1917 saw the opening of Stanford University Hospital on Clay Street, adjacent to Lane Hospital,. In 1919 the Stanford Home for Convalescent Children (the "Con Home") opened in Palo Alto.

In 1939 the Ruth Lucy Stern Research Laboratory opened across Clay Street from Lane Hospital and Stanford University Hospital, furthering Jordan's vision of a research-oriented medical school.

==Move to the main Stanford campus==

During the 1950s the trustees of Stanford developed a plan to move the School of Medicine to the main Stanford campus, and the relocation was completed in 1959. The physical plant that previously housed the medical school in San Francisco was deeded to the Presbytery of San Francisco, thus creating the Presbyterian Hospital and Medical Center of San Francisco, renamed the Pacific Medical Center in 1967, the Pacific Presbyterian Medical Center in 1983, and the California Pacific Medical Center in 1991. The original Cooper Medical College and Lane Hospital buildings were demolished in 1974.

The new Stanford campus for the School of Medicine was designed by Edward Durell Stone. It included the Palo Alto-Stanford Hospital Center - a joint hospital with two separate staffs. Among those faculty moving from the San Francisco campus to the new facility were Avram Goldstein and Henry Kaplan. Newly recruited faculty members included Norman Kretchmer, Arthur Kornberg, Joshua Lederberg, Halsted Holman, Robert Chase, and David Hamburg.

In 1965 Palo Alto Hospital, renamed Hoover Pavilion, re-opened and in 1968 Stanford reached an agreement with Palo Alto's city council to become sole owner of the hospital.

In 1970 medical school faculty and students canceled classes to protest the U.S. invasion of Cambodia and the killing of students at Kent State and Jackson State. In 1971 a demonstration alleging racist personnel policies at the hospital turned into a riot, resulting in injuries, arrests, and more than $100,000 damage to the hospital.

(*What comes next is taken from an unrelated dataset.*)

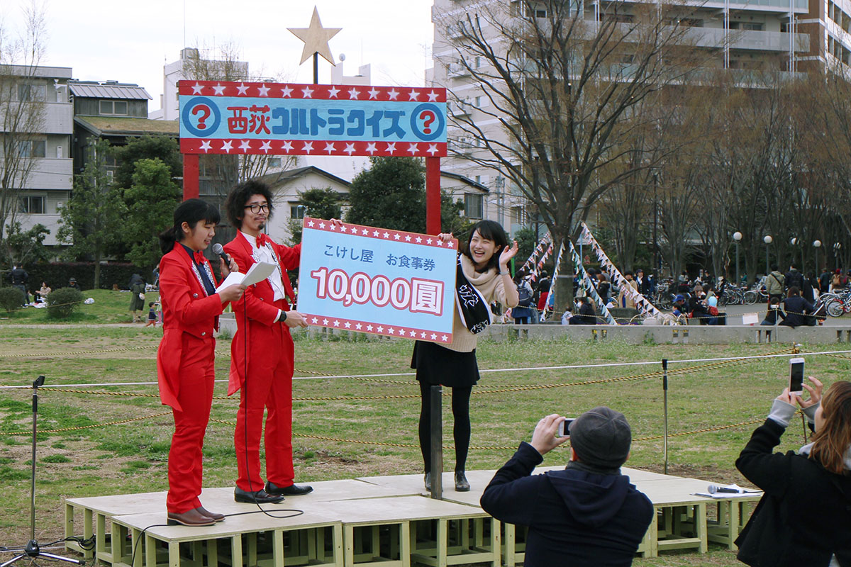 フェスコンテンツの西荻ウルトラクイズ。これ、ワタシが参加したらもしかして優勝しちゃうかもなって思って観客として楽しんだのですが、難題揃いで運も左右する内容、参加してもたぶん途中でダメだったろうな。優勝賞品はこけし屋の食事券と実利のあるもの。旧車のハコスカ(会場の桃井原っぱ公園は元日産工場)じゃなくてよかったですね〜。

The Stanford School of Nursing was closed in 1974.

In 1980 Stanford University and the University of California, San Francisco received a patent for gene splicing and cloning technologies - a catalyst for the nascent biotechnology industry. In 1981 the California Office of Statewide Planning issued a report praising Stanford University School of Medicine for recruiting minority students, while a faculty report charged that similar progress had not been made in recruiting minority faculty.

Stanford University Medical School survived the 1989 Loma Prieta earthquake relatively unscathed, although the Palo Alto Veterans Administration Medical Center, which is affiliated with the medical school, suffered approximately $30,000,000 damage.

In 1997 Stanford and the University of California, San Francisco merged their hospitals and clinics while leaving their respective medical schools independent; however, the partnership was discontinued in 1999.

==Curriculum==
In 1912 a new curriculum for the M.D. degree was introduced that required two years of pre-clinical study at Stanford's main campus, followed by 2 years of guided treatment of patients in hospital wards and clinics in San Francisco; a research-based thesis also becomes a requirement. This change reflected recommendations made in the 1910 Flexner Report. In 1923 the curriculum was revised again, reducing required instruction to fewer than 4,000 hours - the amount required for students to be eligible for state licensing of physicians. The difference was to be made up through required work in departments of the student's choice, fostering further specialization. In 1941, due to a demand for physicians in the Armed Forces during World War II, Stanford University Medical School developed the "9-9-9" Medical Plan, accelerating the time required to complete the M.D. program. The program was discontinued in 1945.

In 1959, inspired by Western Reserve University in Cleveland, Stanford University School of Medicine adopted a five-year M.D. program. In 1968 the curriculum was revised again. Instead of the five-year plan, all requirements in pre-clinical training were eliminated in favor of an all-elective curriculum. This was reversed in 1984, when core preclinical courses once again became required. In 1993 Stanford piloted a "Preparation for Clinical Medicine" curriculum, a course using problem-based learning, while retaining the traditional model of two years in basic sciences followed by two years in clinical studies.